• Exercise directions: For each entry, repeat the text exactly and omit any picture it holds.

• Stored entries:
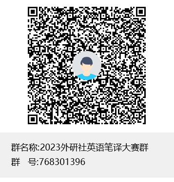 请同学们登录大赛官网(//ucc.fltrp.com)“选手报名/参赛”页面进行报名。请报名参赛的同学们务必加入QQ群(群号768301396,群名:2023外研社英语笔译大赛群),关注群内的比赛通知。不加入QQ群的同学错过重要群通知,导致无法参赛,责任自负。
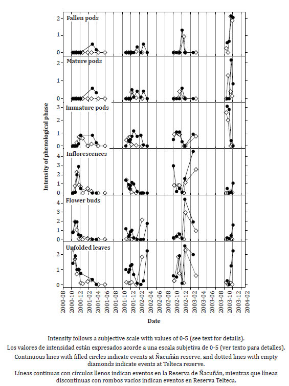 Percentages of trees were calculated, showing different reproductive phenological phases along the growing season: flower buds, inflorescences, juvenile pods, mature pods, and vegetative growth. In this last phase, we only considered non-expanded leaves. Presence of those plant components was enough to consider that a tree was going through a phenological phase, without considering its intensity. For this variable, we used all the available data, seven years for each site that overlapped during 2000-2004 reproductive periods.
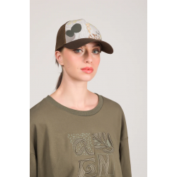 Gorra estampada para mujer. Su diseño incorpora estampados originales inspirados en las colecciones temáticas de la marca, junto a detalles bordados, apliques decorativos y acabados cuidados al milímetro. Cuenta con visera curva y cierre ajustable en la parte trasera, lo que garantiza un ajuste perfecto.
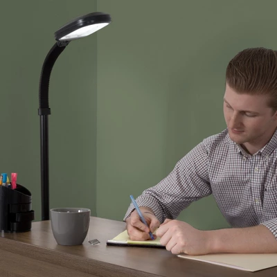- APPROXIMATES NATURAL LIGHT – Equipped with a 1300 lumens 27W CFL bulb with a 6500K color temperature, this daylight lamp projects pure bright, natural light, making it easier to see while helping to eliminate eye stress and fatigue.
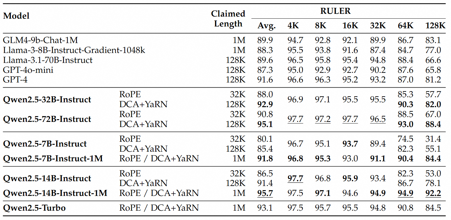 Das Qwen2.5-14B-Instruct-1M-Modell erreichte als erstes Modell der Qwen-Serie die 90-Punkte-Marke im RULER-Benchmark und übertraf durchweg GPT-4o mini in mehreren Datensätzen. Damit bietet es eine leistungsstarke Open-Source-Option für Aufgaben mit langem Kontext.
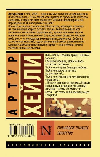 Что сделало Артура Хейли настолько популярным, что заставляет миллионы людей снова и снова возвращаться к его произведениям? Все просто: во всех своих книгах он, точно под микроскопом, изучал самые разные профессиональные сообщества людей.…Банк, отель, аэропорт, газетная редакция, больница, самолет, полицейский участок, - Хейли заставляет читателя стать одним из сотрудников, одним из винтиков машины, составляющей единое целое.Его романы можно читать ради увлекательного острого сюжета, — но главное в них всегда люди. Люди, на месте которых мог бы оказаться каждый из нас. Их реакции. Их страсти, интриги, их любовь и ненависть, их эгоизм, мужество – и воля к жизни.Они — врачи. Хорошие врачи. Слишком хорошие...Слишком хорошие, чтобы не быть абсолютно честными...Чтобы не потерять большую любовь...Чтобы не избежать вечных неприятностей...Чтобы не страдать и не мучиться из-за чужой боли......И врачи становятся героями. Людьми, находящими выход из безвыходных ситуаций. Потому что мужество врача — это самое сильнодействующее лекарство.
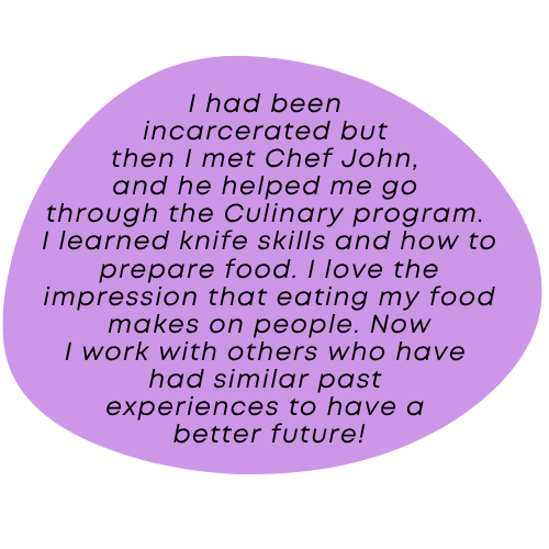 Our free Culinary Training Program helps underemployed, unemployed, and at-risk individuals build real job skills for a career in the culinary industry. Students train side-by-side with our staff, gaining hands-on experience and mentorship while also helping prepare meals for the community.
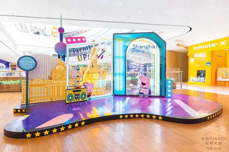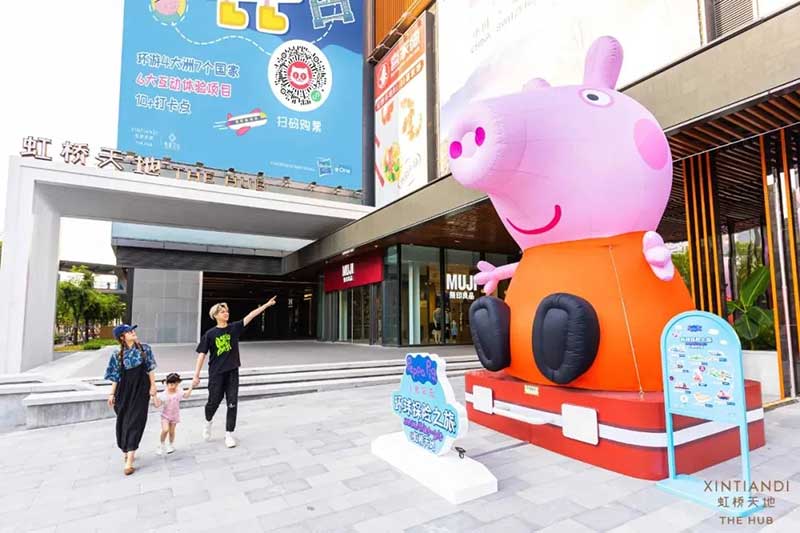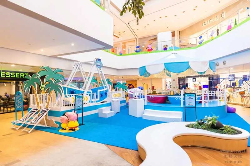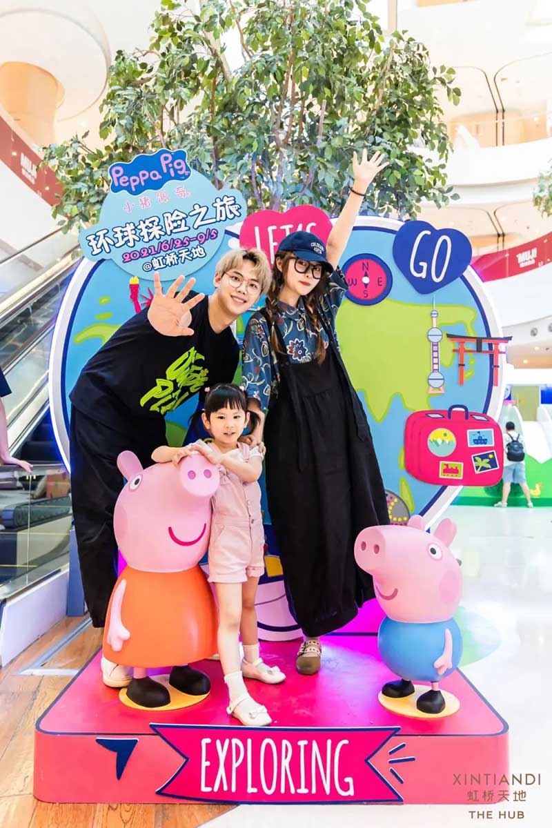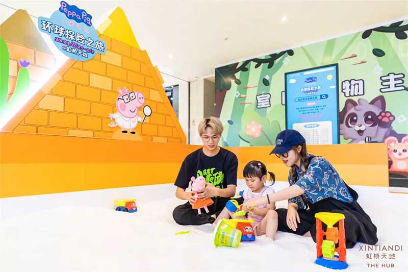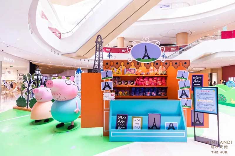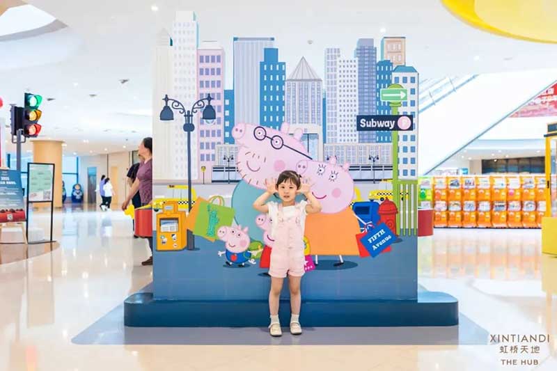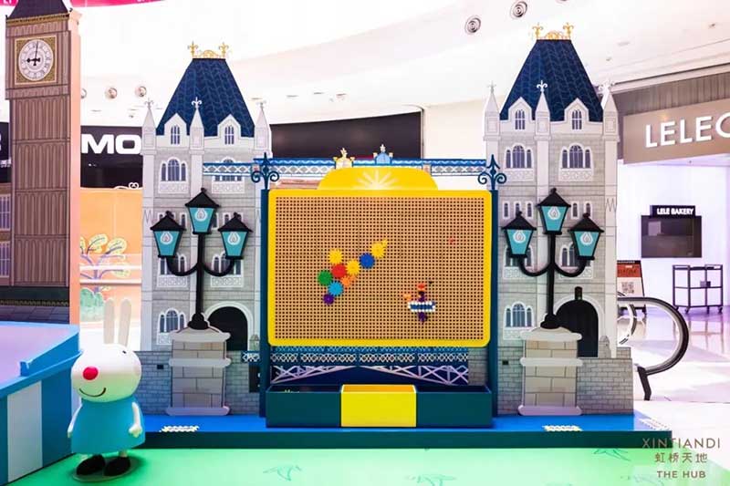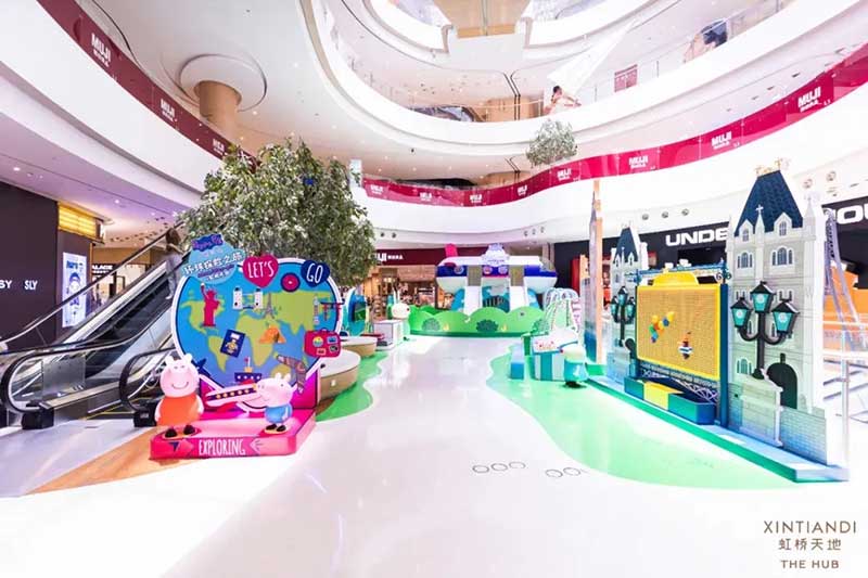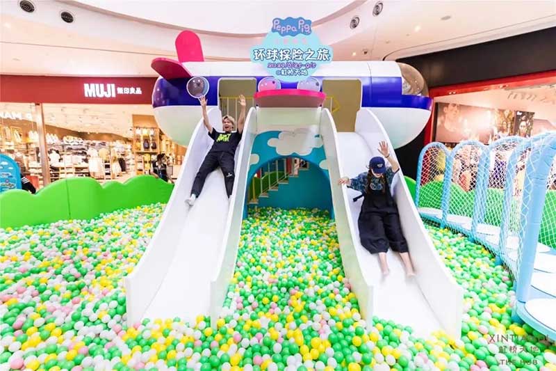 虹桥天地整个西中庭化身小欧洲,可爱的微缩版建筑,配上鲜艳清新的色彩,似乎可以随小猪佩奇一秒穿越到卡通世界!开始探险之前,别忘了看一眼入口的地图,心形世界地图上标记着即将游览的打卡路线,带上行李GO GO GO!小猪佩奇同款小飞机等待多时,踏上这架飞机前,还可以带上心爱的玩具,去找找万能的兔小姐的踪影,今天的她可是值机空乘!下飞机记得坐上滑梯,用勇往直前的姿势,冲入100㎡+的波波池!

• Response area:
 请同学们登录大赛官网(//ucc.fltrp.com)“选手报名/参赛”页面进行报名。请报名参赛的同学们务必加入QQ群(群号768301396,群名:2023外研社英语笔译大赛群),关注群内的比赛通知。不加入QQ群的同学错过重要群通知,导致无法参赛,责任自负。
 Percentages of trees were calculated, showing different reproductive phenological phases along the growing season: flower buds, inflorescences, juvenile pods, mature pods, and vegetative growth. In this last phase, we only considered non-expanded leaves. Presence of those plant components was enough to consider that a tree was going through a phenological phase, without considering its intensity. For this variable, we used all the available data, seven years for each site that overlapped during 2000-2004 reproductive periods.
 Gorra estampada para mujer. Su diseño incorpora estampados originales inspirados en las colecciones temáticas de la marca, junto a detalles bordados, apliques decorativos y acabados cuidados al milímetro. Cuenta con visera curva y cierre ajustable en la parte trasera, lo que garantiza un ajuste perfecto.
- APPROXIMATES NATURAL LIGHT – Equipped with a 1300 lumens 27W CFL bulb with a 6500K color temperature, this daylight lamp projects pure bright, natural light, making it easier to see while helping to eliminate eye stress and fatigue.
 Das Qwen2.5-14B-Instruct-1M-Modell erreichte als erstes Modell der Qwen-Serie die 90-Punkte-Marke im RULER-Benchmark und übertraf durchweg GPT-4o mini in mehreren Datensätzen. Damit bietet es eine leistungsstarke Open-Source-Option für Aufgaben mit langem Kontext.
 Что сделало Артура Хейли настолько популярным, что заставляет миллионы людей снова и снова возвращаться к его произведениям? Все просто: во всех своих книгах он, точно под микроскопом, изучал самые разные профессиональные сообщества людей.…Банк, отель, аэропорт, газетная редакция, больница, самолет, полицейский участок, - Хейли заставляет читателя стать одним из сотрудников, одним из винтиков машины, составляющей единое целое.Его романы можно читать ради увлекательного острого сюжета, — но главное в них всегда люди. Люди, на месте которых мог бы оказаться каждый из нас. Их реакции. Их страсти, интриги, их любовь и ненависть, их эгоизм, мужество – и воля к жизни.Они — врачи. Хорошие врачи. Слишком хорошие...Слишком хорошие, чтобы не быть абсолютно честными...Чтобы не потерять большую любовь...Чтобы не избежать вечных неприятностей...Чтобы не страдать и не мучиться из-за чужой боли......И врачи становятся героями. Людьми, находящими выход из безвыходных ситуаций. Потому что мужество врача — это самое сильнодействующее лекарство.
 Our free Culinary Training Program helps underemployed, unemployed, and at-risk individuals build real job skills for a career in the culinary industry. Students train side-by-side with our staff, gaining hands-on experience and mentorship while also helping prepare meals for the community.
 虹桥天地整个西中庭化身小欧洲,可爱的微缩版建筑,配上鲜艳清新的色彩,似乎可以随小猪佩奇一秒穿越到卡通世界!开始探险之前,别忘了看一眼入口的地图,心形世界地图上标记着即将游览的打卡路线,带上行李GO GO GO!小猪佩奇同款小飞机等待多时,踏上这架飞机前,还可以带上心爱的玩具,去找找万能的兔小姐的踪影,今天的她可是值机空乘!下飞机记得坐上滑梯,用勇往直前的姿势,冲入100㎡+的波波池!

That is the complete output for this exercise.